2. Let R1 and R2 be the remainders when polynomials x^3 + 2x^2 - 5ax - 7 and x^ 3 + ax^2 - 12 x + 6 are divided by ( x + 1 ) and ( x - 2 ) respectively. If 2R1 + R2 = 6, find a.
3. If alpha and beta are the zeros of the polynomial ax^2 + bx + c then evaluateA. (alpha)^2 / beta + (beta)^2 / alpha
B. alpha^2 .beta + alpha.beta^2
C. 1/(alpha)^4 + 1/(beta)^4.

1. Count Iblis

3)

ax^2 + bx + c = a (x-alpha) (x-beta)

A) We can write:

alpha^2/beta + beta^2/alpha =

(alpha^3 + beta^3)/(alpha beta).

Putting x = 0 in the polynomial gives:

c = a alpha beta ---->

alpha beta = c/a

To find alpha^3 + beta^3, expand the logarithm of the polynomial in powers of 1/x:

Log(ax^2 + bx + c) =

Log(a) + Log(x-alpha) + Log(x-beta)

The expansion of the right hand side yields:

Log(a) + 2 Log(x) + Log(1-alpha/x) +
Log(1-beta/x) =

Log(a) + 2 Log(x) - [S1/x + 1/2 S2/x^2 + 1/3 S3/x^3 + ...]

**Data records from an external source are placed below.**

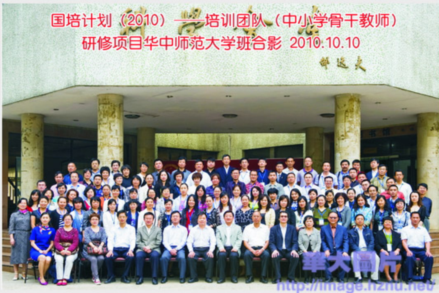
国培计划（2010）——培训团队（中小学骨干教师） 研修项目华中师范大学班合影 2010.10.10
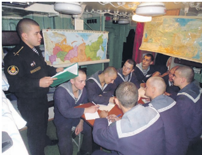
На занятиях по общественно-государственной подготовке.

Несмотря на скромные габариты, малый десантный корабль поразительно вместителен: способен при-
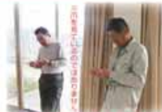
お言葉に尽きるのでもう一人
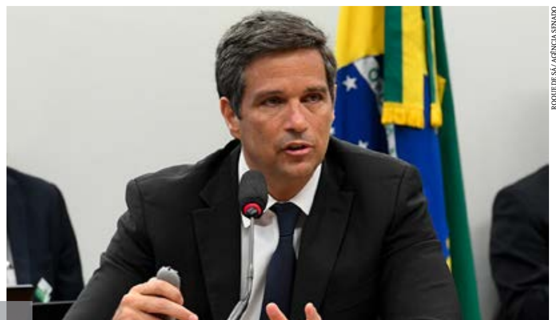
Roberto Campos Neto pode ser convidado pela CAE a explicar as altas taxas de juros

Aumentar, diminuir ou manter a Selic depende de como o Copom avalia riscos e oportunidades no cenário macroeconômico.
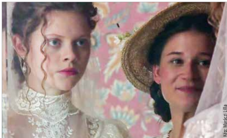
A Majdnem menyasszony című hetvenperces filmet idén karácsonykor láthatják a nézők a Duna Televízióban

A produkciót Pacskovszky József rendezte. Huszonkét napig forgattak négy helyszínen, több mint harminc szereplővel és háromszáz statisztával.
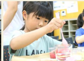
8月9日カラーサンドアート体験

where Sr = alpha^r + beta^r

To find S3 we thus need to expand
Log(ax^2 + bx + c) to order 1/x^3:

Log(ax^2 + bx + c) =

Log(a x^2) + Log[1+ b/(ax) + c/(ax^2)]=

Log(a x^2) + b/(ax) + c/(ax^2) +

- [b/(ax) + c/(ax^2)]^2/2 +

[b/(ax) + c/(ax^2)]^3/3

The coefficient of x^3 is thus:

b^3/(3a^3) - bc/a^2

and this is equal to -S3/3, therefore we have:

S3 = 3 bc/a^2 - b^3/a^3

Therefore:

(alpha^3 + beta^3)/(alpha beta) =

3 b/a - b^3/(c a^2)

2. Count Iblis

3B)

ax^2 + bx + c = a (x-alpha) (x-beta)

Evaluate the derivative of the square of both sides at x = 0.

3. Count Iblis

3C)

ax^2 + bx + c = a (x-alpha) (x-beta)

Expand the logarithm of both sides in powers of x, equate the coefficient of x^4 of both sides.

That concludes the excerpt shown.